▶ [Task brief]
Print the data exactly as written, but leave out each picture.

▶ [Input data]
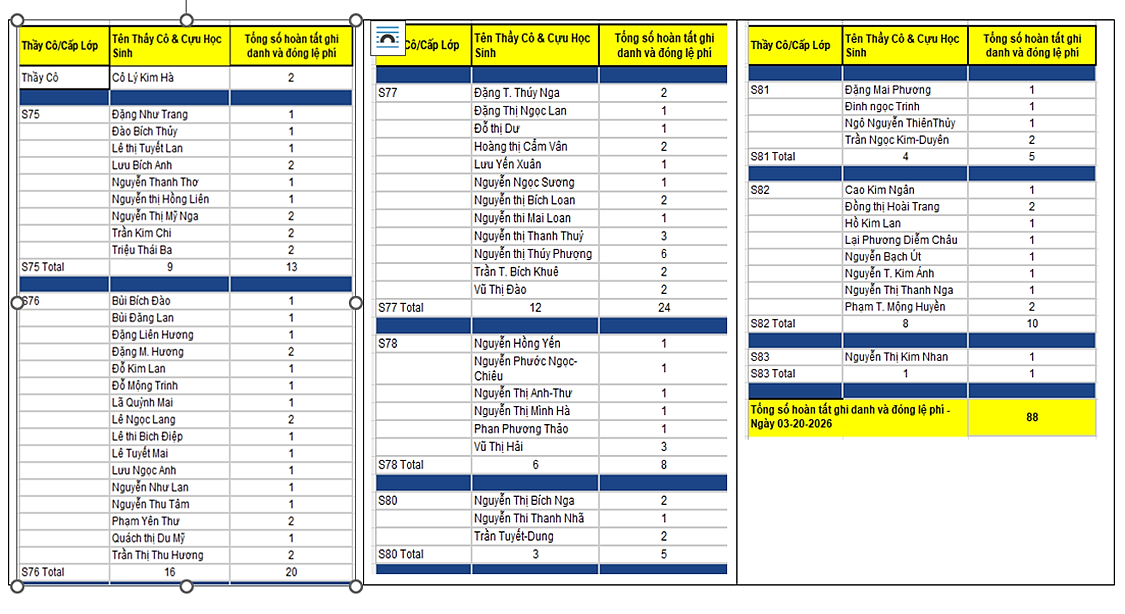 Dưới đây là danh sách tên của các cựu học sinh và thân hữu đã hoàn tất ghi danh theo từng cấp lớp. Mọi thắc mắc xin vui lòng liên lạc với Ban Tổ Chức qua địa chỉ email: sna2026btc@gmail.com.
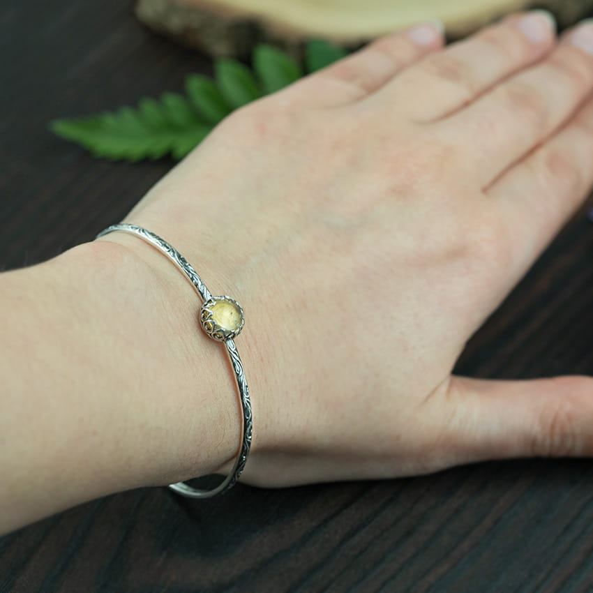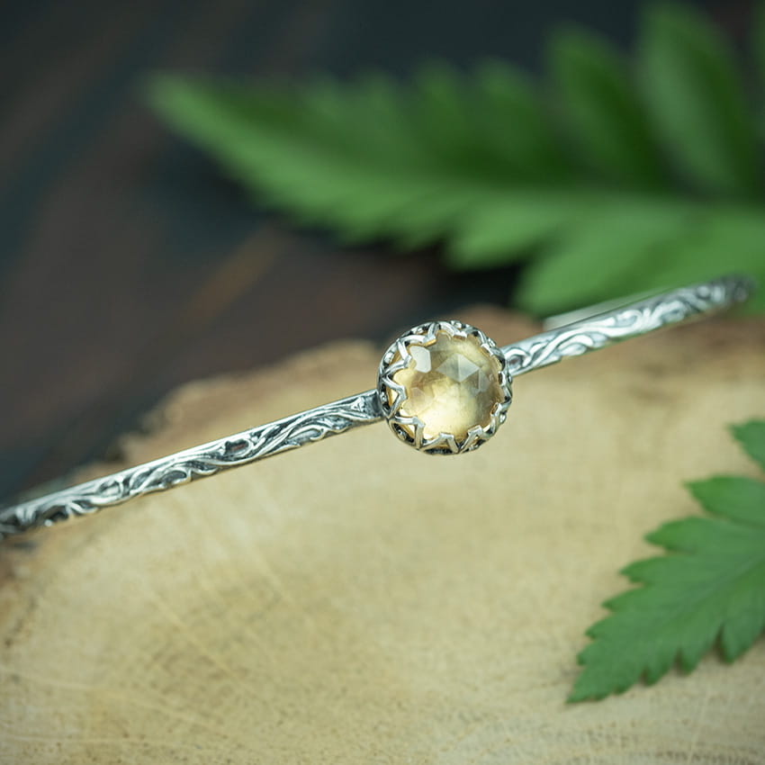 Misternie zdobiona srebrna bransoleta z fasetowanym cytrynem. Wykonana została ręcznie w mojej pracowni, przy użyciu technik złotniczych. Powierzchnię bransolety zdobią wypukłe zawijasy, które nadają całości finezji i elegancji. Fasetowany cytryn o pięknym szlifie rose cut delikatnie połyskuje i przyciąga wzrok. Bransoleta ma lekko owalny kształt dzięki czemu jest wygodna. Rozłączone końce sprawią, że łatwo ją założysz i delikatnie dopasujesz do nadgarstka. Bransoleta z cytrynem jest subtelna, ale efektowna. Spodoba się miłośniczkom klasyki, ale też kobietom lubiącym nieco orientalny styl.
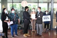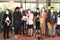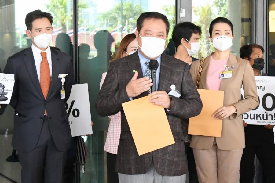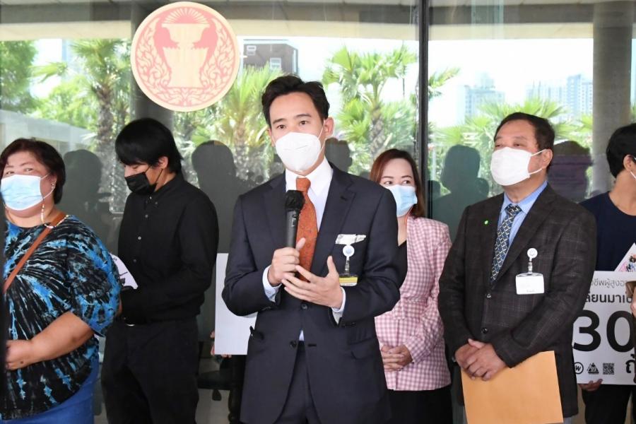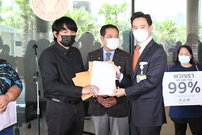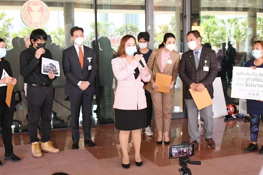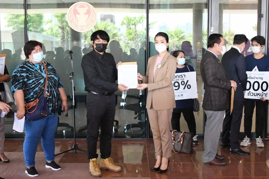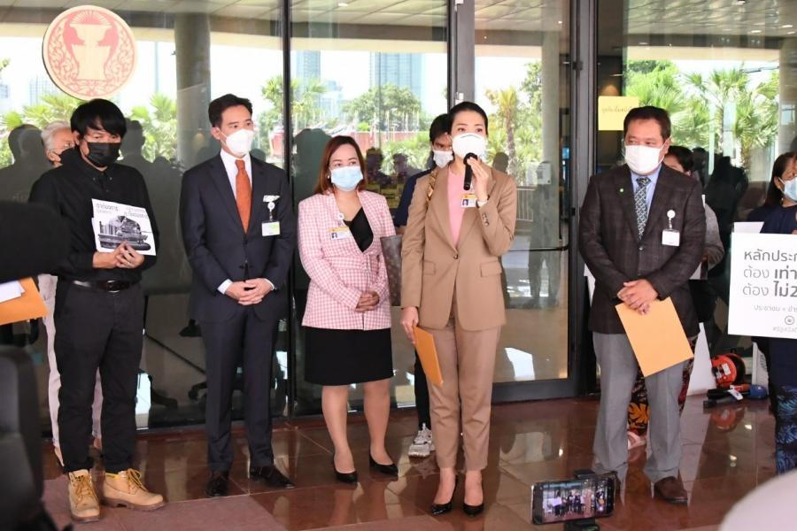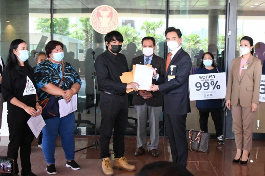 นายพิธา ลิ้มเจริญรัตน์ พร้อมด้วย พ.ต.อ.ทวี สอดส่อง น.ส.ธีรรัตน์ สำเร็จวาณิชย์ และน.ส.วรรณวิภา ไม้สน สมาชิกสภาผู้แทนราษฎร พรรคการเมืองฝ่ายค้าน ในฐานะกมธ.วิสามัญพิจารณาร่าง พ.ร.บ.งบประมาณรายจ่ายประจำปีงบประมาณ พ.ศ. 2565 รับยื่นหนังสือจาก นายนิติรัตน์ ทรัพย์สมบูรณ์ เครือข่ายรัฐสวัสดิการเพื่อความเท่าเทียมและเป็นธรรม (เครือข่าย We Fair) และคณะ
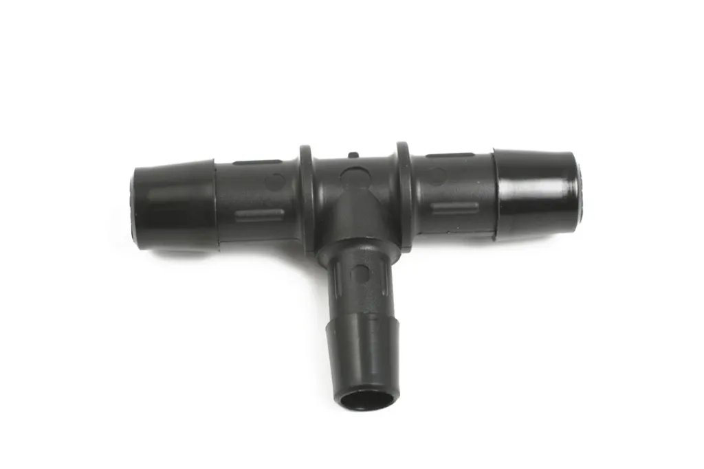 Kopplingen är tillverkad i slitstark plast med låg vikt, god kemikalieresistens och lång livslängd. Den T-formade konstruktionen ger jämnt flöde mellan grenarna och tät anslutning vid montering med slangklämmor. Passar utmärkt för användning inom fordon, industri och specialbyggen där olika slangdimensioner behöver förenas med bibehållen prestanda.

▶ [Exercise answer]
 Dưới đây là danh sách tên của các cựu học sinh và thân hữu đã hoàn tất ghi danh theo từng cấp lớp. Mọi thắc mắc xin vui lòng liên lạc với Ban Tổ Chức qua địa chỉ email: sna2026btc@gmail.com.
 Misternie zdobiona srebrna bransoleta z fasetowanym cytrynem. Wykonana została ręcznie w mojej pracowni, przy użyciu technik złotniczych. Powierzchnię bransolety zdobią wypukłe zawijasy, które nadają całości finezji i elegancji. Fasetowany cytryn o pięknym szlifie rose cut delikatnie połyskuje i przyciąga wzrok. Bransoleta ma lekko owalny kształt dzięki czemu jest wygodna. Rozłączone końce sprawią, że łatwo ją założysz i delikatnie dopasujesz do nadgarstka. Bransoleta z cytrynem jest subtelna, ale efektowna. Spodoba się miłośniczkom klasyki, ale też kobietom lubiącym nieco orientalny styl.
 นายพิธา ลิ้มเจริญรัตน์ พร้อมด้วย พ.ต.อ.ทวี สอดส่อง น.ส.ธีรรัตน์ สำเร็จวาณิชย์ และน.ส.วรรณวิภา ไม้สน สมาชิกสภาผู้แทนราษฎร พรรคการเมืองฝ่ายค้าน ในฐานะกมธ.วิสามัญพิจารณาร่าง พ.ร.บ.งบประมาณรายจ่ายประจำปีงบประมาณ พ.ศ. 2565 รับยื่นหนังสือจาก นายนิติรัตน์ ทรัพย์สมบูรณ์ เครือข่ายรัฐสวัสดิการเพื่อความเท่าเทียมและเป็นธรรม (เครือข่าย We Fair) และคณะ
 Kopplingen är tillverkad i slitstark plast med låg vikt, god kemikalieresistens och lång livslängd. Den T-formade konstruktionen ger jämnt flöde mellan grenarna och tät anslutning vid montering med slangklämmor. Passar utmärkt för användning inom fordon, industri och specialbyggen där olika slangdimensioner behöver förenas med bibehållen prestanda.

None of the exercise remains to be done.